June is also 30 Days Wild and I’m participating again this year.


A couple of weeks ago, my daughter’s forest preschool, Fiddleheads Forest School located here in Seattle at the Washington Park Arboretum, put on an art show in Georgetown as part of their monthly Art Attack. The art is still on the walls at Machine House Brewery and will be for another couple of weeks. There are signs talking about the school and the art projects the kids made. One of the projects was to create a trillium flower, which is the name of my daughter’s classroom. In the spring trilliums did in fact grow up around their classroom and the kids were very careful to put sticks around the flowers so they didn’t step on them.  They also spent time with trilliums and thought about how they made them feel. These feelings were written on the art and offered a great insight into the kids thoughts. My favorite was “I have a lot of feelings when I look at the trillium, mostly excited like a penguin.” Her class also made a beautiful bunting, each kid hammered plants onto a fabric flag. The entire thing together turned out beautifully.

The other classroom is the Magnolia class and they made paintings of their magic spots. Each kid in both classes have their very own magic spot, somewhere they can go and be by themselves to be with the forest.

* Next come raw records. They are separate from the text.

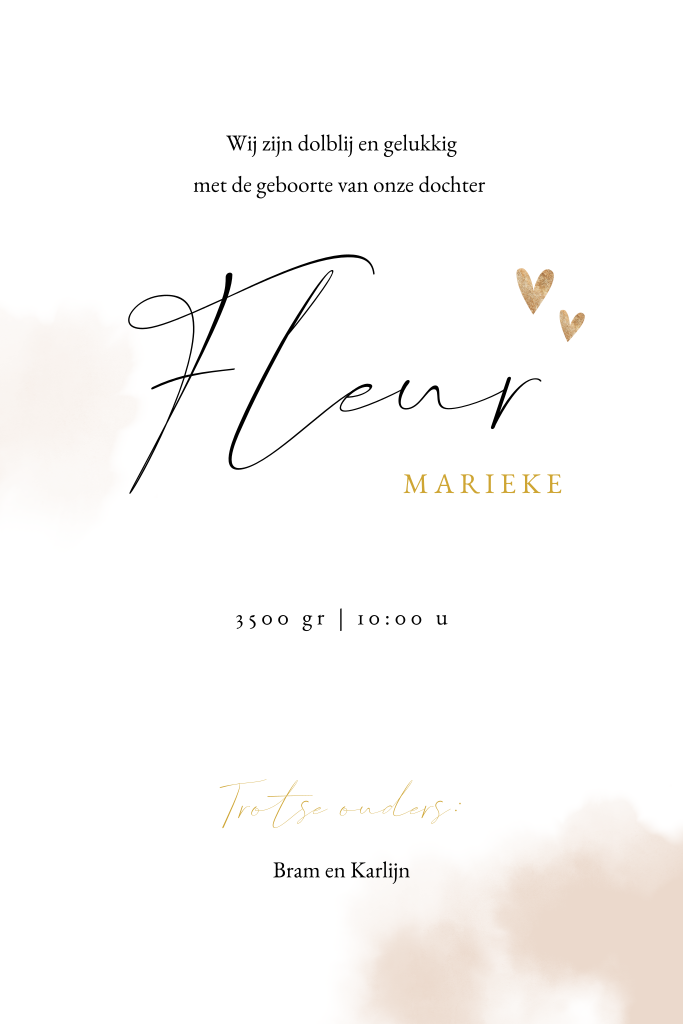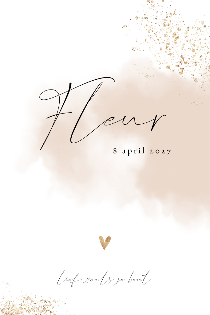 Hip geboortekaartje met een zachte, roze waterverf vlekken op de achtergrond. De sierlijke lettertypes en goudkleurige details geven de kaart een stijlvolle uitstraling. Deze kaart kan geheel naar wens personaliseren door de lettertypes en kleuren aan te passen. Als je daarmee klaar bent, kan je een proefdruk bestellen op een papiersoort naar keuze om de kaart in het echt te bekijken.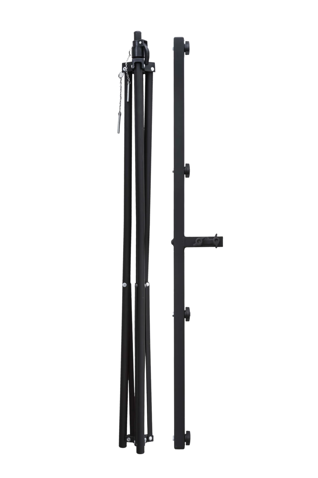 - Possui diversos níveis de altura por furos,travados através de pino de aço.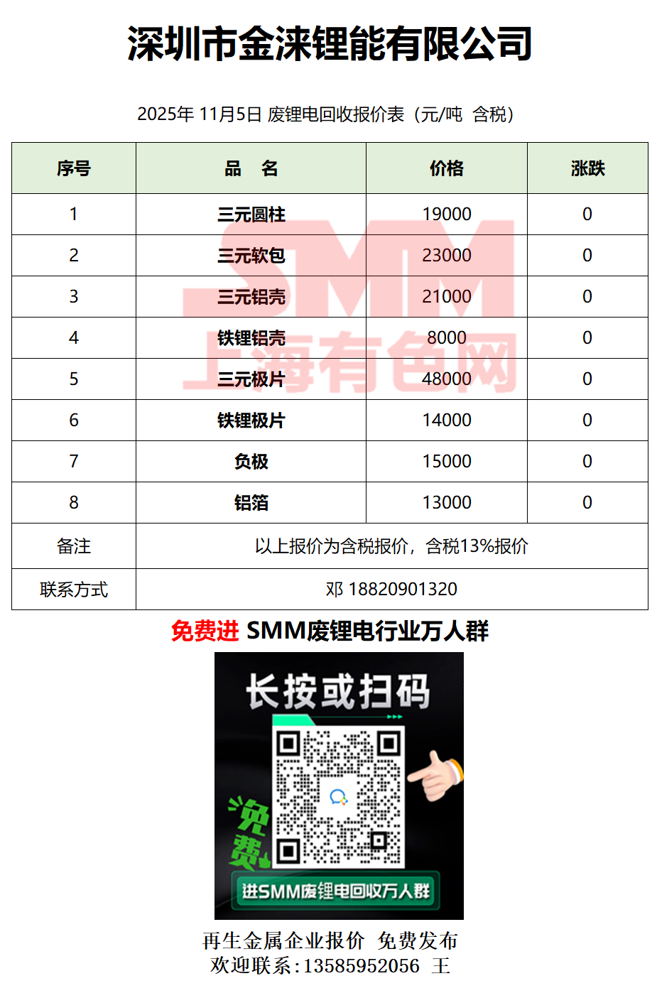 11月5日深圳金涞 废锂电采购报价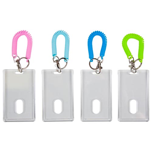 Бейдж " deVente " 110*70мм, Classic, вертикальный, прозрачный, на пластиковой пружине с металлическим карабином и кольцом, ассорти 6 цветов (без возможности выбора цвета), пластик

It’s been such a great experience having our daughter at this school and I feel lucky every day. During the last week of the school year, the Barred Owl chicks which nest near the classrooms had hatched and the parents were active all day while the kids were in school. One of the adult owls had taken up a daytime roost right next to their classroom, in a very small tree only a few feet off the ground. The kids laid on their stomachs and watched the owl.

Now, during summer school the kids get to visit the pond and watch dragonflies and explore the arboretum in the warmer months.

Fiddleheads has been featured in the New York Times and Medium.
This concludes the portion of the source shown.